The first floor of the former Northrop-Grumman facility at 222 W. Sixth St. will be transformed into classroom space and offices to accommodate upper division business majors and students majoring in global studies, according to university spokeswoman Kelly Curtis.

That will be on top of the returning theater arts and music students set to return for classes on Aug. 29 in the Grand Annex in the 400 block of West Sixth Street. Those students also will expand their use in the coming year of the Warner Grand Theatre at 478 W. Sixth St.

But that's not all.

The following year, a two-story vacant storefront at 430 W. Sixth St. - the former Lad 'N' Lassie children's clothing shop - will be turned into art exhibit space, classrooms, research areas and offices.

Cultural arts benefactors Marylyn (Ginsberg) and Chuck Klaus purchased the building for the university in the couple's ongoing effort to support young artists while also bringing the arts and more life into downtown San Pedro.

For Marymount, the satellite location - now called Marymount's waterfront campus - has provided extra space needed after the Rancho Palos Verdes Catholic school expanded to a full four-year institution.
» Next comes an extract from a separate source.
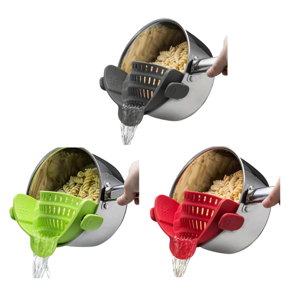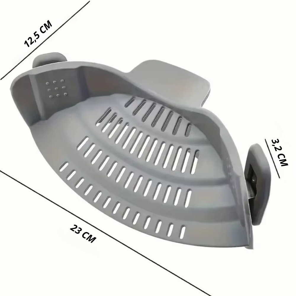RUT är tillverkad i värmetåligt, flexibelt silikon och fästs direkt på kanten av din kastrull, stekpanna eller skål. Du slipper klumpiga durkslag och risk för spill – bara kläm fast och häll av. Den smarta designen passar de flesta storlekar på kärl, tål höga temperaturer och kan diskas direkt i maskin. Perfekt för pasta, potatis, grönsaker eller soppor – och tar nästan ingen plats i kökslådan.

The growing partnership has paid off for everyone, Curtis said.

"We have just a tiny auditorium, so last year when we moved all our film series and theater students (to the 1,500-seat Warner Grand Theatre), we have much more student interest in theater," she said.

"The same with the jazz ensemble which now performs at (San Pedro's) First Thursdays and on a big stage (at the theater)."

The university's speakers series also will make use of the Warner Grand this year, she said, with Father Greg Boyle, the Jesuit priest who founded Homeboy Industries, scheduled to give a talk for students and the community at 7 p.m. Nov. 10.

"We believe (the partnership) is one of the most significant things to happen in downtown San Pedro in many years," said Liz Schindler Johnson of the Grand Vision Foundation.

"We felt that downtown San Pedro already has the flavor of a college town with its narrow, tree-lined streets, quaint stores and lots of artistic activities."